Segment Start: Data to use
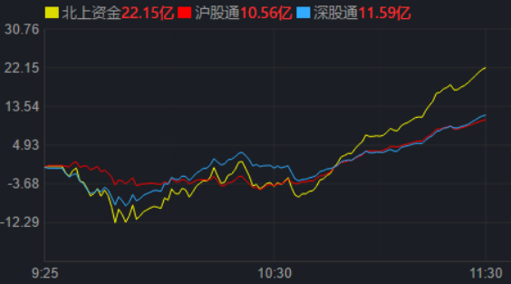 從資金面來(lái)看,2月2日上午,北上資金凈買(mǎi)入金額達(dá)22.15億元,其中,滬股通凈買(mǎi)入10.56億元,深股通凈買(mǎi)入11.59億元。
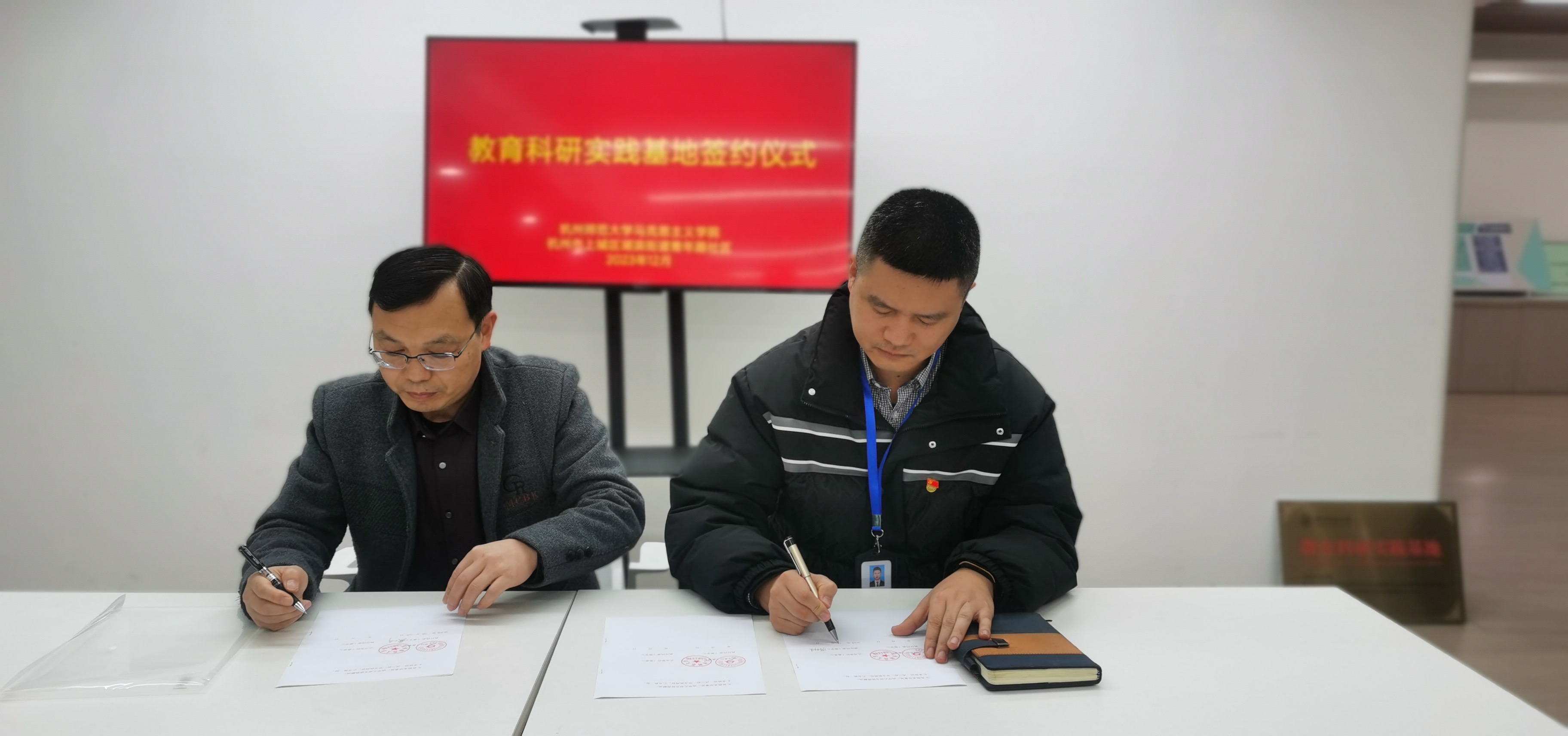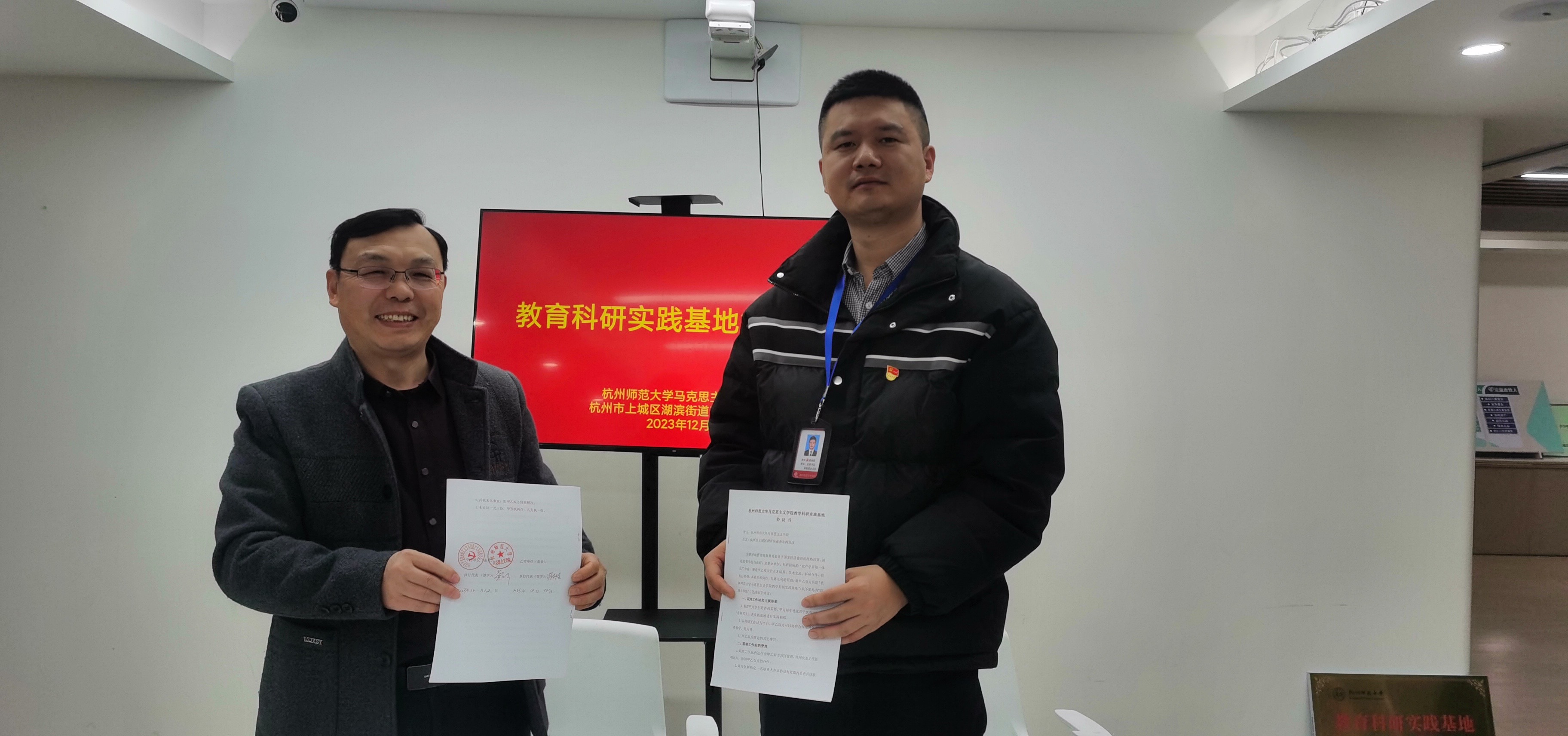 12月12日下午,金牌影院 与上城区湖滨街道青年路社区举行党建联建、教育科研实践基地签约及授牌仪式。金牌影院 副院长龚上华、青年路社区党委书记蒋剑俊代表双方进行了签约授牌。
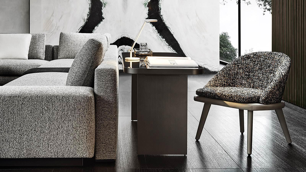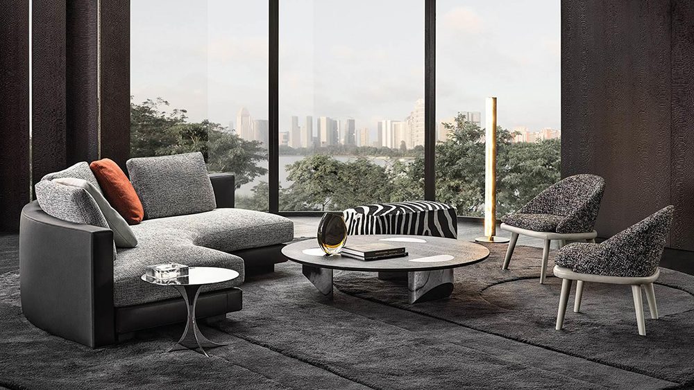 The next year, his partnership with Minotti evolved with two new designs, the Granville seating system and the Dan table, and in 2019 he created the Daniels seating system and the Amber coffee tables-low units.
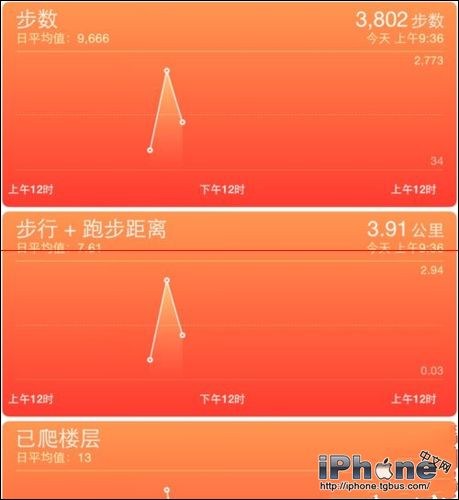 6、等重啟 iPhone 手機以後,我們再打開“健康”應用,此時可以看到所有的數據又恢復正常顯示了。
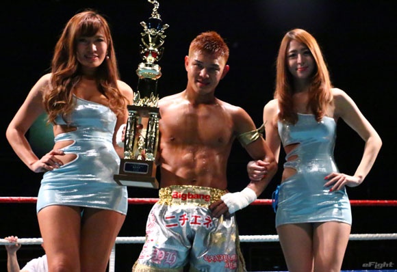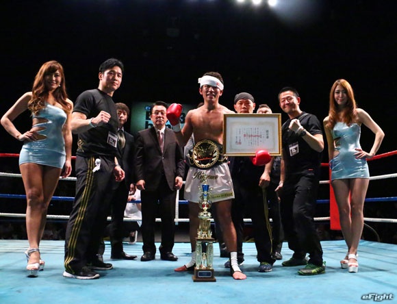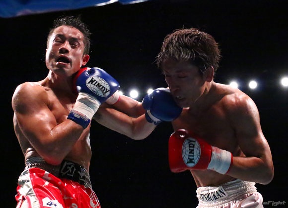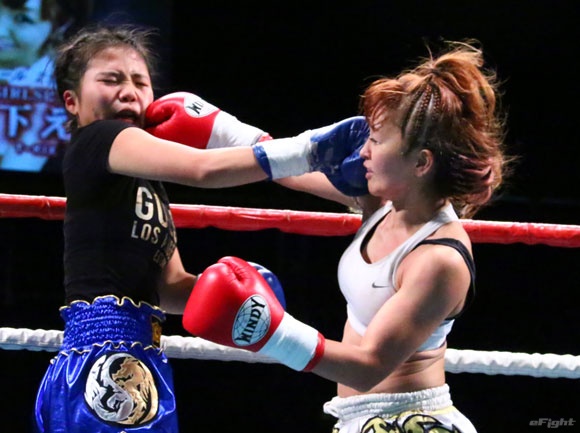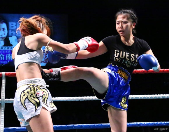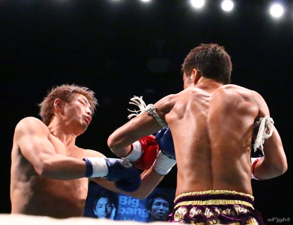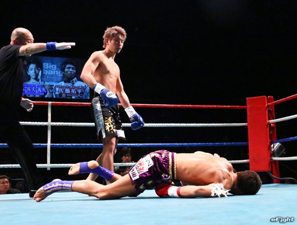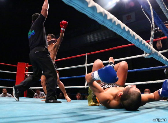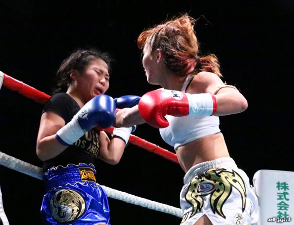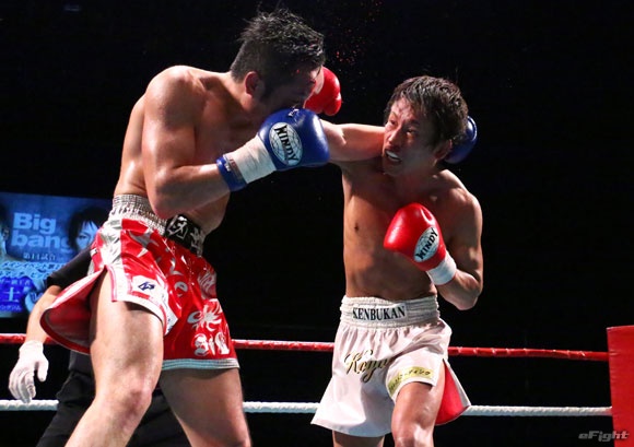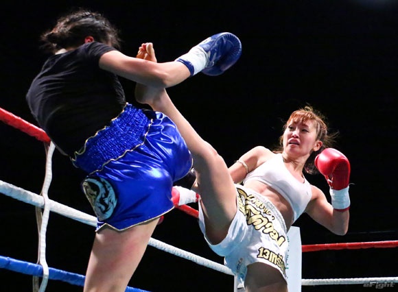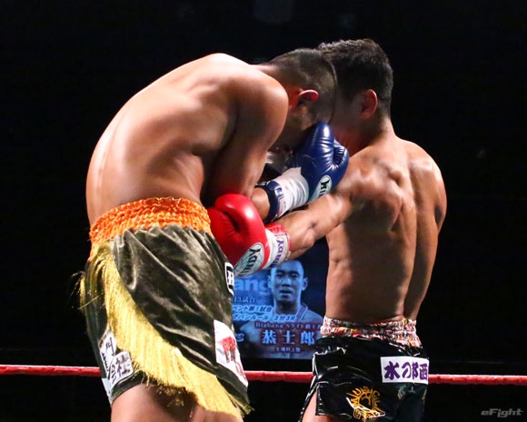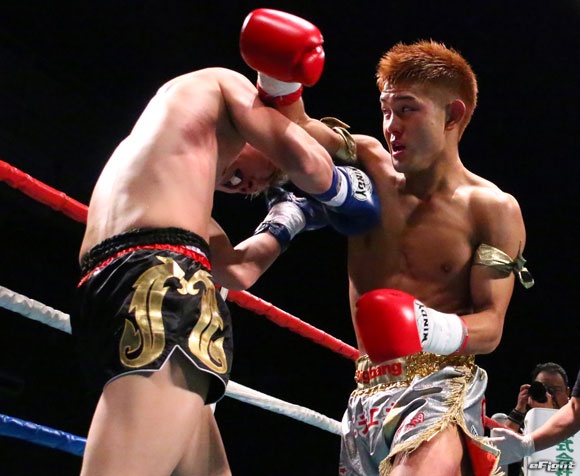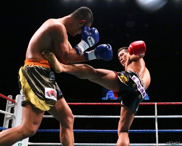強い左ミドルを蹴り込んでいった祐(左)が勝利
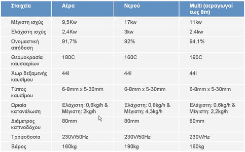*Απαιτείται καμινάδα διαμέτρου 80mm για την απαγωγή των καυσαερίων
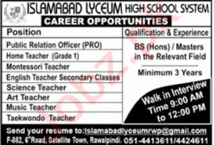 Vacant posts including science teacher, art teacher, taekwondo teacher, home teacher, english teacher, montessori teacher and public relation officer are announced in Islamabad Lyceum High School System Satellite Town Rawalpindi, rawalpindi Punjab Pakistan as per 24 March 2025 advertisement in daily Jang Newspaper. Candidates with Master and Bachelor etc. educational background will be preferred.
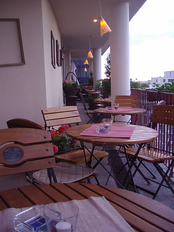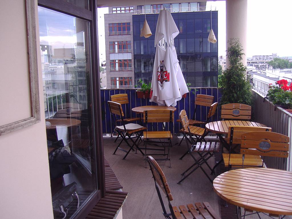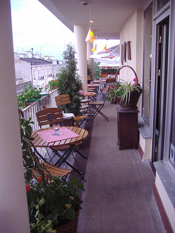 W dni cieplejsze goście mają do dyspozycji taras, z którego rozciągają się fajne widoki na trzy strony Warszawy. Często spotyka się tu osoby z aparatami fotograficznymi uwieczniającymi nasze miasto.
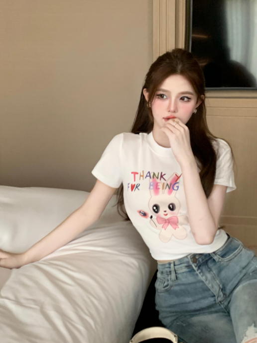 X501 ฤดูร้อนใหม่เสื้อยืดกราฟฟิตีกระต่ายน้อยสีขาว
Segment End: Data to use
## Task to carry out
Each record above must be retyped exactly. Omit the pictures.

## Reply to the exercise
 從資金面來(lái)看,2月2日上午,北上資金凈買(mǎi)入金額達(dá)22.15億元,其中,滬股通凈買(mǎi)入10.56億元,深股通凈買(mǎi)入11.59億元。
 12月12日下午,金牌影院 与上城区湖滨街道青年路社区举行党建联建、教育科研实践基地签约及授牌仪式。金牌影院 副院长龚上华、青年路社区党委书记蒋剑俊代表双方进行了签约授牌。
 The next year, his partnership with Minotti evolved with two new designs, the Granville seating system and the Dan table, and in 2019 he created the Daniels seating system and the Amber coffee tables-low units.
 6、等重啟 iPhone 手機以後,我們再打開“健康”應用,此時可以看到所有的數據又恢復正常顯示了。
強い左ミドルを蹴り込んでいった祐(左)が勝利
*Απαιτείται καμινάδα διαμέτρου 80mm για την απαγωγή των καυσαερίων
 Vacant posts including science teacher, art teacher, taekwondo teacher, home teacher, english teacher, montessori teacher and public relation officer are announced in Islamabad Lyceum High School System Satellite Town Rawalpindi, rawalpindi Punjab Pakistan as per 24 March 2025 advertisement in daily Jang Newspaper. Candidates with Master and Bachelor etc. educational background will be preferred.
 W dni cieplejsze goście mają do dyspozycji taras, z którego rozciągają się fajne widoki na trzy strony Warszawy. Często spotyka się tu osoby z aparatami fotograficznymi uwieczniającymi nasze miasto.
 X501 ฤดูร้อนใหม่เสื้อยืดกราฟฟิตีกระต่ายน้อยสีขาว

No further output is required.